Je pense aux boucles d’oreilles, dites créoles, larges anneaux qui allongent le cou des girafes. Les girafes ont toute une série d’écluses pour faire remonter l’eau et circuler le sang, quand elles boivent, au pied de leurs quatre mètres. Mais je l’ai déjà écrit. Je me répète. Je me lève, vais fermer les rideaux. Je n’aime pas que l’on me regarde quand je ne vois pas qui m’observe. Ce soir, ils sont peu nombreux, il pleut des cordes. Derrière les rideaux tirés, la paix règne. Je me suis tant battu pour avoir la paix que je m’invente des relations va t’en guerre par distraction. Par exemple, je tire la queue du chat, qui dort sur le dossier du canapé. Ce qui fait japper le chien. Qui aboie. Réveille les voisins, qui tapent sur la cloison et dont les vibrations du mur créent une insomnie spontanée chez la voisine du dessous qui voudrait trouver un mari prévenant, riche, bien fait et honnête, cultivé, ayant le sens de l’humour et non fumeur. Du coup, je tire à nouveau la queue du chat, qui s’est réfugié sur l’armoire.

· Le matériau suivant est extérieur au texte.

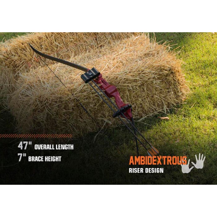The Bear Flash Bow is a perfect beginners bow for young kids trying to learn. It is one of the safest bows and has the ability to be used on either shoulder to give all kids the opportunity to use. It measures 47 inches in length with a 16-24 inch draw length and 5-18 pounds draw weight. 7 inch brace height and includes a whisker biscuit arrow rest and 1 pin sight.
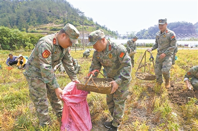 近日,浙江省磐安縣人武部組織民兵前往新渥街道莊基社區,幫助藥農采收中藥材。
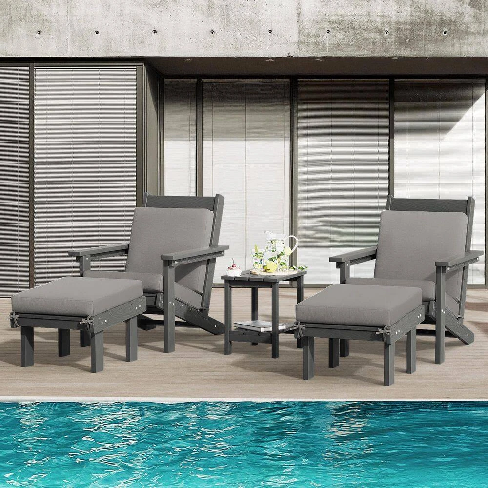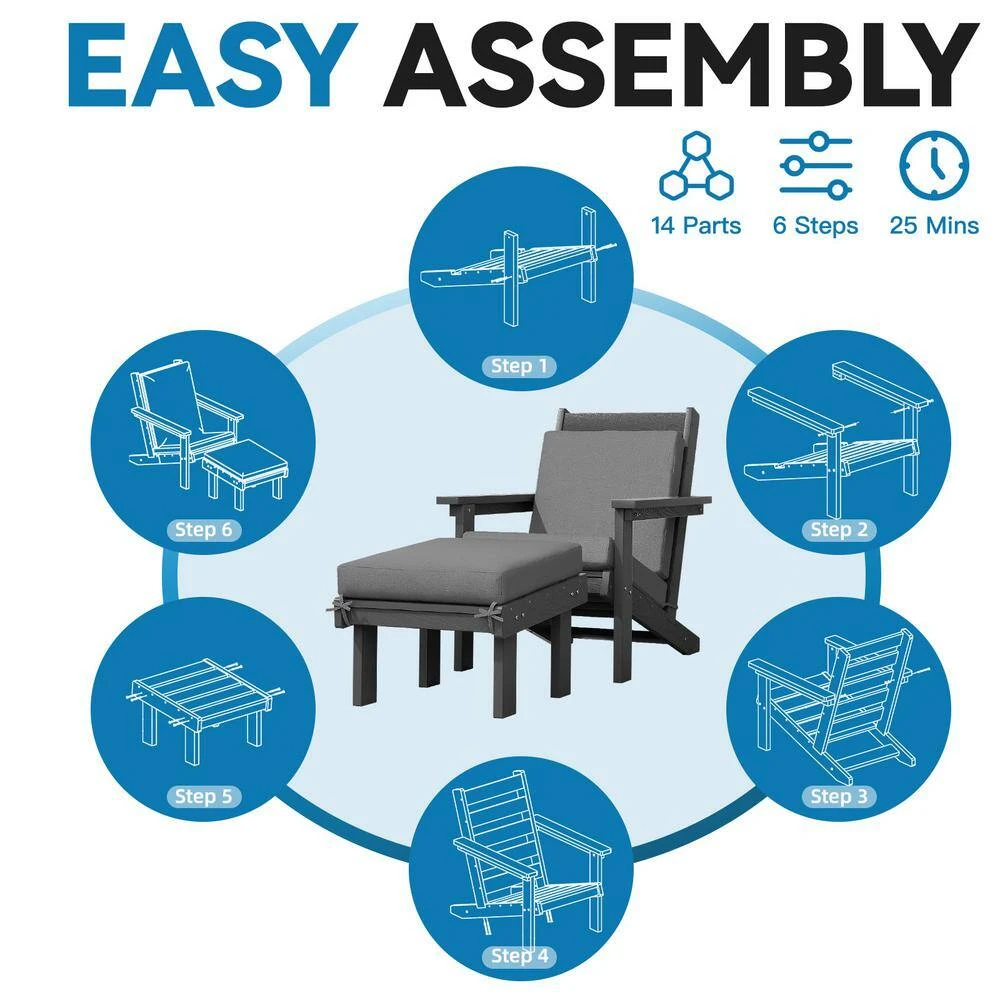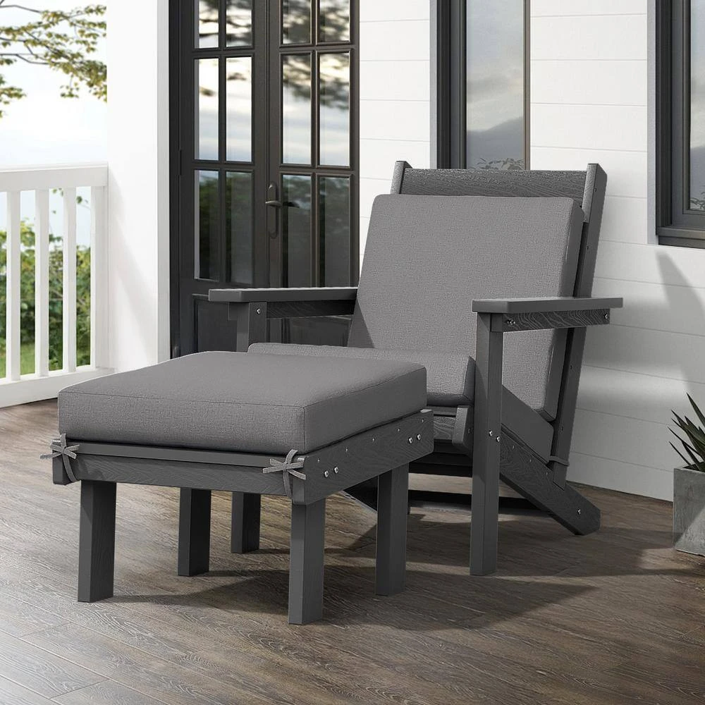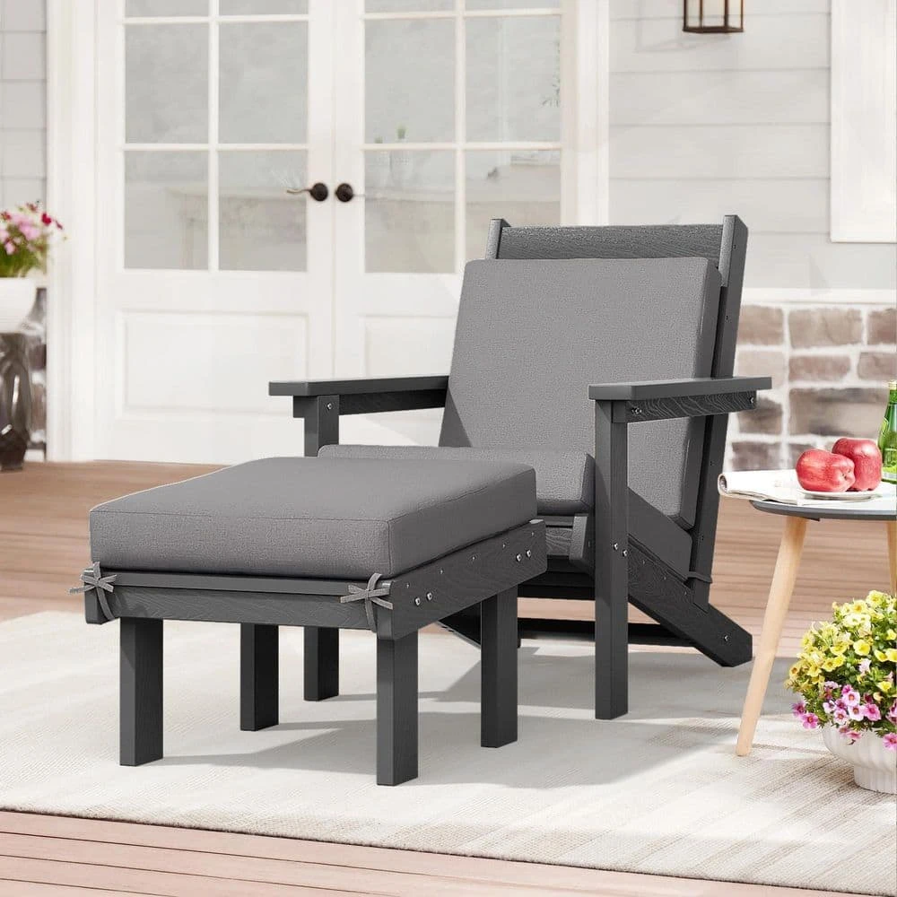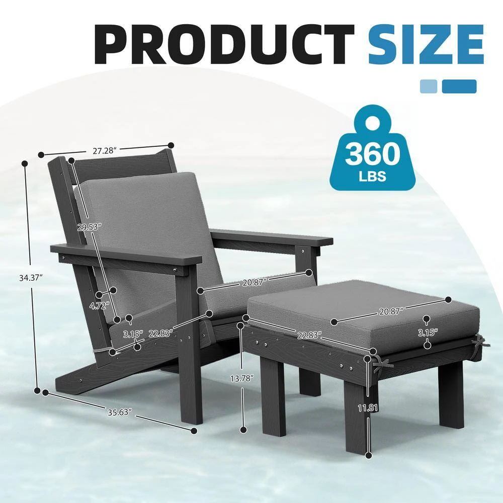 Transform your outdoor relaxation with this high-quality Adirondack Chair Set featuring a matching footrest and premium cushions. Built with durable HDPE material, it resists all weather conditions and ensures long-lasting performance. Thickened cushions with firm tie straps deliver superior comfort, while the ergonomic design provides excellent back and body support. Whether for your patio, deck, or garden, this versatile chair set is perfect for any occasion, offering a weight capacity of up to 360 lbs. Sit back, relax, and enjoy comfort like never before.
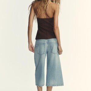 Fitted strapless top with a straight-cut neckline and bare shoulders. Bow detail on the front. Matching inner lining. Side zip fastening hidden in the seam.

Direct live. Le 15 est passé. Ai-je payé mon troisième tiers? Mes factures ErDF, Gaz, mon loyer, ma femme de ménage, mon abonnement à Toutokaz, vais-je sauver l’Europe en prenant un crédit à la Chinese Bank, reverrais-je un jour mes enfants partis faire un stage chez Lanza Del Vasto, participerais-je au prochain partage du monde en un seul morceau, vais-je enfin attaquer Shakespeare tome 1 poèmes drames historiques comédies 1 collection la Pléiade (2 euros dans un vide grenier), et me laisser pousser une barbe de lecteur comme ceux qui ont là, ici et maintenant, le courage de suivre en direct la télépathique réalité d’un ordinateur portable manipulé par des doigts experts avec une profusion de commentaires salaces, pigmentés, vulgaires, prodigués par une girafe aux boucles créoles qui raconte à qui veut l’entendre, au public, au chat qui se balance sur un cintre dans la penderie, au chien qui jappe en écoutant Gershwin, à la voisine du dessus qui a trouvé le même type que celle du dessous recherche désespérément et qui lui fait une vie, enfin, si l’on peut dire, un enfer quotidien serait le terme le plus approprié mais bon, je ne vais pas tirer la queue du lecteur pour entendre miauler les girafes. Je me suis tant battu pour avoir la paix que je ne ferai rien pour déclencher celle des autres dans l’âme d’un canon, dans la beauté d’un droit.
Tiens. Je découvre, sur la table, un crayon à papier et d’autres, de couleur. Au lieu d’écrire des mots, j’aurais pu les dessiner, les colorier comme font les gosses, entre pleins et déliés. Mais là où je suis rendu, j’efface en direct live. Pas de reprise, pas de couleurs, pas de marges où raconter ses blagues. C’est du noir sur blanc, intouchable, immédiatement effaçable. Pas de mine de plomb, pas de vibrations quand l’écrit tombe à pic, juste l’illusion des mots tapés sur un clavier silencieux. Adieu, marguerites, adieu, Remington, Olivetti, magies des bandes bicolores, des originaux tachés d’encre, de vin et de graisses. Quand tout cela fondra, nos écrits, nos dessins et que nos paroles seules survivront dans cette Babel barbare où chaque clan porte son mauvais message, nous redeviendrons poussières, en direct depuis hier.